The data contains examples of both patterns. In 2023, for instance, the Court granted leave in 21 cases in the first quarter, suggesting a very active year ahead. But in the next two quarters combined, it granted leave in only five more cases. Other years show a more even distribution across quarters.
That quarter-to-quarter variability means the 2026 data should not be mechanically annualized. A strong first five months does not guarantee a record-setting year, nor does it allow us to say with certainty that the Court has made a deliberate institutional decision to expand its docket. Leave decisions are affected by many factors, including the quality of the applications, the mix of issues reaching the Court, and the Court’s own internal assessment of where guidance is most needed.
What This Means
Still, the data is difficult to ignore. Through the end of May 2026:
- The Court has granted leave in far more cases than usual by this point in the year.
- It has done so while deciding relatively few leave applications overall.
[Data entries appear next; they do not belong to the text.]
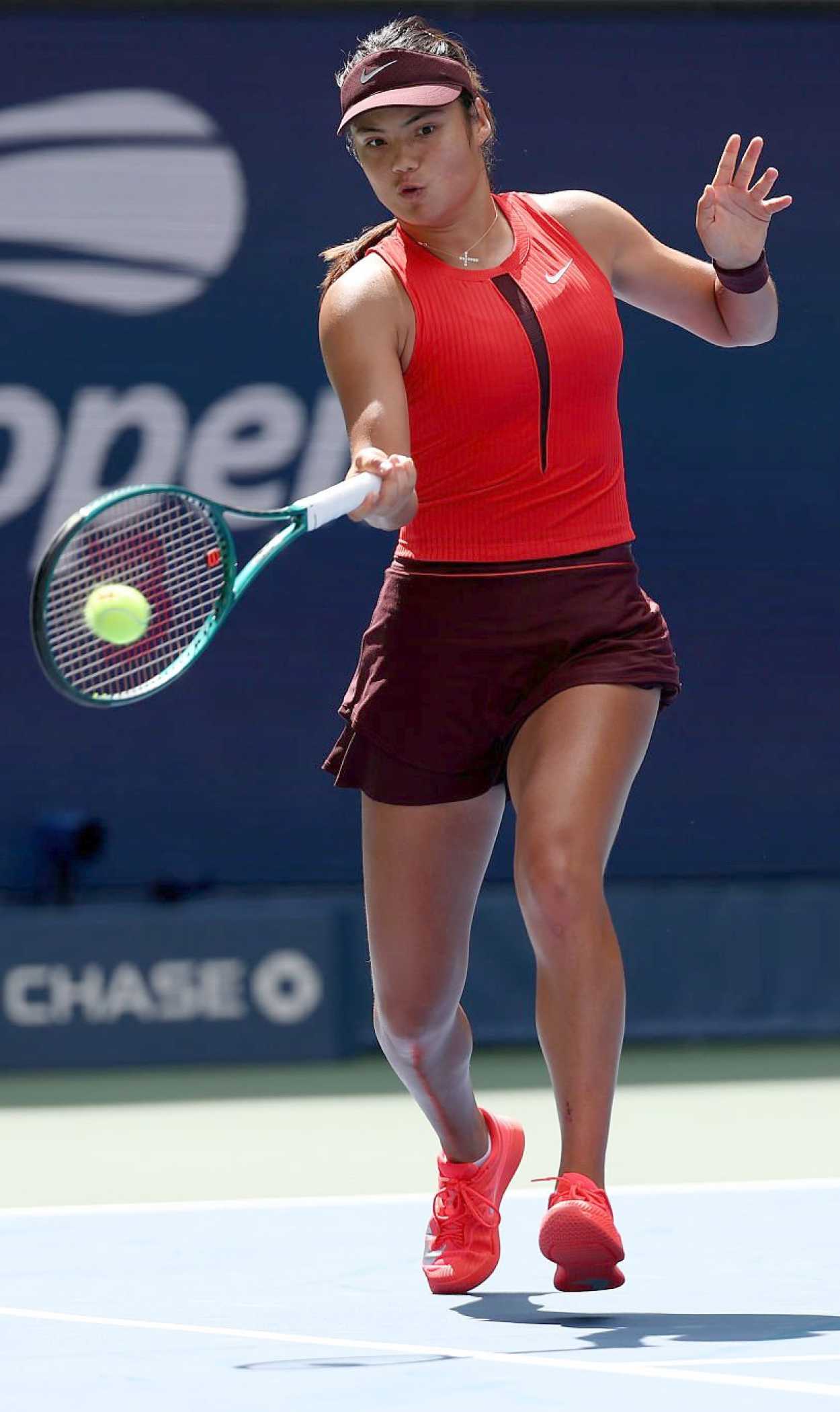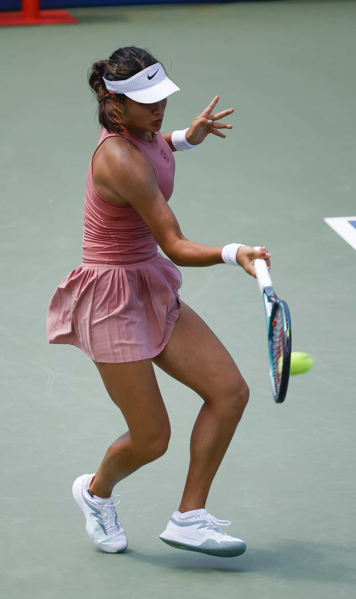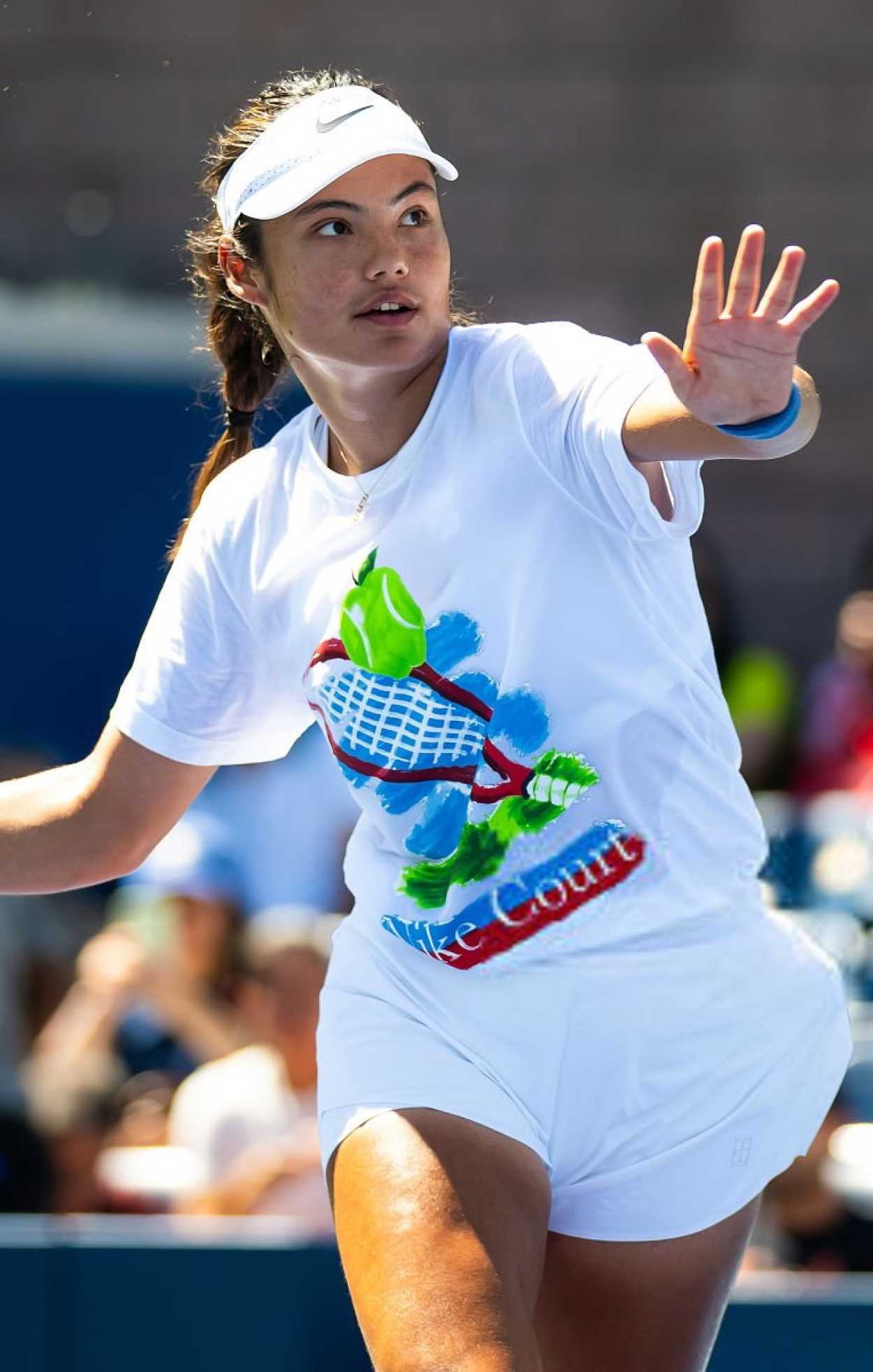 The 22-year-old British tennis player Emma Raducanu, who won the Women’s Singles title at the 2021 US Open, holds practice session at 2025 US Open at Flushing Meadows in NYC.
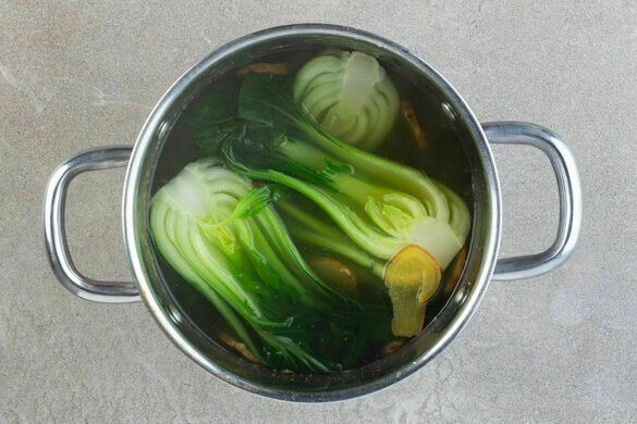 Den Pak Choi halbieren und in der Brühe ca. 3Min. kochen, aus dem Topf nehmen und beiseitestellen.
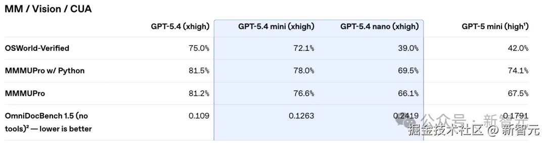 这说明计算机使用任务对模型的视觉推理能力有很高的门槛要求,不是单纯缩小模型就能保住的:mini 和 nano 之间存在一道清晰的能力断层。
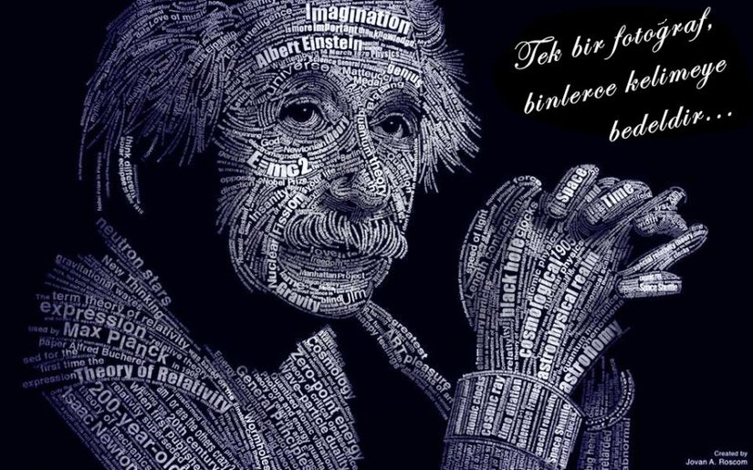 Albert Einstein'ın insanlığa kattıklarını ve ömrü boyunca yaptığı araştırmaları anlatmak için ayrı bir site kurmamız bile gerekebilirdi. Sadece geliştirdiği Görelilik Teorisi'nin bizlere gösterdikleri bile, cilt cilt kitap olabilecek kadar kapsamlıdır. Ancak Jovan Roscom tarafından hazırlanan bu hoş görselde, Einstein'ın keşfettikleri, araştırmaları ve bulguları, onun meşhur bir fotoğrafını oluşturacak şekilde yerleştirilmiştir. Hayatı boyunca yaptıklarının, Einstein ile ilişkilendirilen bazı konu başlıklarının ve fotoğrafta yazanların en azından bir kısmını listeleyecek olursak:
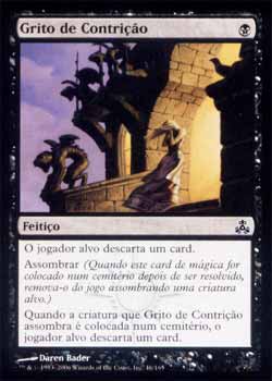 | Nome em Inglês: | Cry of Contrition | | Nome em Português: | Grito de Contrição | | Custo de Mana: |  | | Tipo: | Feitiço | | Texto: | O jogador alvo descarta um card. Assombrar. Quando a criatura que Cry of Contrition Assombra Morrer, o jogador alvo descarta um card. | | Série: |  | | Raridade: | Comum | | Card: | 046 |

- The grant rate is materially higher than in previous years.
- The increase is especially pronounced among represented applicants.
- The growth is concentrated in public law and private law, not criminal law.
Taken together, the data is consistent with the possibility that the Supreme Court is deliberately rebuilding its docket. This may suggest a Court that is more willing than in recent years to hear cases raising issues of broader legal significance, particularly outside the criminal law sphere.
If that is right, it would be a welcome development. A smaller Supreme Court docket has real consequences. It leaves more legal questions left unresolved, and it reduces the number of occasions on which the Supreme Court speaks to the development of the law across the country. A larger and more diverse docket would not simply mean more appeals. It would mean more opportunities for clarification, harmonization, and legal development.
It is too early to know whether 2026 marks the beginning of a sustained shift or an unusually active period that will normalize over the rest of the year. But through the end of May, the data points in one direction: the Supreme Court of Canada is granting leave more often, and it may be preparing to hear a larger and broader set of appeals than it has in recent years. For anyone interested in the future direction of legal developments across Canada, that is worth watching closely.